Asheville Music Tools is a new company specialized in voltage-controlled analog music tools, founded by an experienced (and former Moog) hardware engineer, Rick “Hawker” Shaich.
The company has its roots deep in sound creation and sculpting products for guitar, synthesizer, and studio. Their first product, announced a few days ago, is the ADG-1 Delay, a 100% Analog Bucket Brigade Device (BBD) Delay.
Wait, I know what you might be thinking – Asheville, ex Moog engineer, BBD delay, the use of the word Analoger… is this going to be a take on the (discontinued and highly sought after) Moogerfooger Delay?
Well, yes and no. According to our research, Rick was the man behind many of the MoogerFoogers and MiniFoogers, in particular, the Delay and MIDI based products (104M, 105M, 108M, etc.). But as you can read in the short interview below, there are some key differences (the chip used, etc.) between the ADG-1 and the Fooger.
If you would like to learn more about all the technical details, the Asheville Music Tools web page has plenty of them but… how does it sound? Here below, you can hear the ADG-1 with his majesty, the Prophet 5. Stay tuned for more sound examples. Hopefully, we will be able to put our hands on a unit soon.
Pricing and Availability
ADG-1 pre-orders (at the introductory price of $349) are currently closed, the first units should ship in November.
Limited Production Orders E.T.A December 2020. If you’re interested, sign up on the website for further news.
If you need a BBD delay and can’t afford to wait for the ADG-1, a readily available alternative could be the Eventide Rose, a unique analog-digital hybrid that offers a modern take on the classic BBD delay (see our Eventide Rose review).
A Short Q&A With “Hawker” of Asheville Music Tools
We asked “Hawker” a few questions about the ADG-1 and his new company. Here below, you can read his answers.
– How does your ADG-1 stand in comparison with some other classic BBD delays of the past?
“Hawker”: “ADG-1 is a 100% analog delay. We use the higher voltages (+15V) of more studio-grade delays and use the MN300x studio chipsets rather than the more guitar-based MN320x based chipset. I am using XVive, which are modern reproductions of the old Panasonic BBDs (the ones used in the Moogerfooger delay – Editor’s note) delay designs as dealing with parts that are 20 years old is a pain in the neck to get quality.
The XiVive BBDS are very close to the Panasonic but do behave slightly different. They are a bit less noisy, more dynamic range, more neutral sounding and their frequency response do not change the same as Panasonic over the entire clock sweep.
It uses a Guitar style compandor, 5th order discrete transistor filters, paired with much newer higher performance op amps in both the audio chain and control voltage chain than I have ever used before. We use extensive voltage control and VCA/VCOs for nearly every stage for more control of functions. We’re also using a new high power BBD driver that performs superior to other BBD driver designs of the past, and this gives a tight, consistent sound with fewer artifacts and much better sounding delay repeat trails.

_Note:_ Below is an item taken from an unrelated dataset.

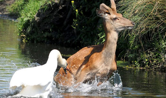 组图:凶悍天鹅公园湖中与小鹿抢地盘(3)

Being 100% analog, it is very responsive and gives true fractional delay, unlike some competitors that use larger digital steps to control. It does, however, means we could not provide features that require digital like Tap Tempo as analog math is complex and expensive over digital.”
– Synth players love stereo pedals. Are you planning something with a full stereo signal path?
“Hawker”: “This is something I am considering as there is a great demand. I have some ideas for ways to do stereo mono with some flexible configurations depending on how the user sets up the sound. However, I am not sure that people understand that a stereo analog delay is basically twice the parts of a mono delay and so the price point may not be one people are willing to pay for.”
– There’s certainly no shortage of quality effect makers on the market. What’s the added value that Asheville Music Tools can offer?
“Hawker”: “AMT has a long experience in design, design for manufacturability, reliability and complete designs. I have been designing professional music products for musicians, studio, broadcast and movie industry for nearly 30 years doing delay products back to the 1990s for the motion picture industry for movement simulation. And that experience and knowledge give us a huge leg up. We are not afraid to take on the complexity required to provide the features and sonic touches that many designers are unwilling or unable to get to. There are just over 450 parts in an Analoger ADG-1, and this is a level of complexity beyond what most can do.”